University: BITS Pilani, India
Major: Computer Science (BE) and Physics(Int. Msc)
Degree level: 4th year undergrad
Graduation year: 2017
Are you eligible?: Yes
Other commitments: I will be completely free during winter break from December to the end of January. Regarding coursework, I will be taking 12 credits (maximum a student can take is 30). So it will take around 12 hours a week and I will dedicate 50 hours per week on the Outreachy internship without fail.
How I heard about this program: From past interns from my university
Why is this project important to me: I am currently studying a data mining course in college and I have been deeply interested in extracting information from data. This led me to undertake an online course on Data Science (CS 109) offered by Harvard University and I am absolutely loving it.
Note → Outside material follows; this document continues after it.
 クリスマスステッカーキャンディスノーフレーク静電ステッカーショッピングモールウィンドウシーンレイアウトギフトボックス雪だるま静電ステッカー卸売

I hope to apply whatever I learn from these courses in my current project and also learn more things along the way. Moreover, I have my eyes on pursuing higher education in related areas, which makes this project so much more important to me, not only as an internship experience, but as a learning process itself. I hope to give and take back a lot through this project.
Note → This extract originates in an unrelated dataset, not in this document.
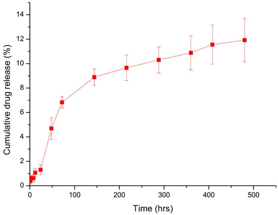 In vitro bedaquiline-loaded nanoparticle drug release at pH 7.4 over 20 days (n = 3). Error bars = SEM.

Please describe your experience with any other FOSS projects as a user and as a contributor:
I am a user of the Linux Operating System and I absolutely love it. I admire the flexibility that it has to offer its users. And of course, Wikipedia itself is a great inspiration for venturing into OSS. I have contributed to it as a part of this application itself and hope to contribute a lot more through the internship itself.
Please describe any relevant projects that you have worked on previously and what knowledge you gained from working on them (Provide Links):
- I built a data-scraper and explorer in Python for the IMDb top 10000 movies and explored some interesting properties of the obtained data based on ratings, genres, release year, etc.
- I have completed an R programming course and an Exploratory data analysis course offered by Johns Hopkins University on Coursera. My certificates can be viewed from the following links:
- I am doing the CS 109 online course in Data Science offered by Harvard University. I am learning a lot through this course with respect to cleaning up data, various data analysis libraries, machine learning and data visualization.
- I am currently using machine learning algorithms to predict protein-protein interaction sites. I used Logistic Regression, Random Forest Classifier, Ada Boost and SVMs and applied GridSearch on them to find the best classifier based on the MCC scores.
- I am also working on a data mining project that predicts the Click-Through-Rate (CTR) of users who view advertisements on a range of mobile phones via various apps. I 'll be implementing the decision-tree and clustering algorithms in Hadoop using the Map-Reduce paradigm.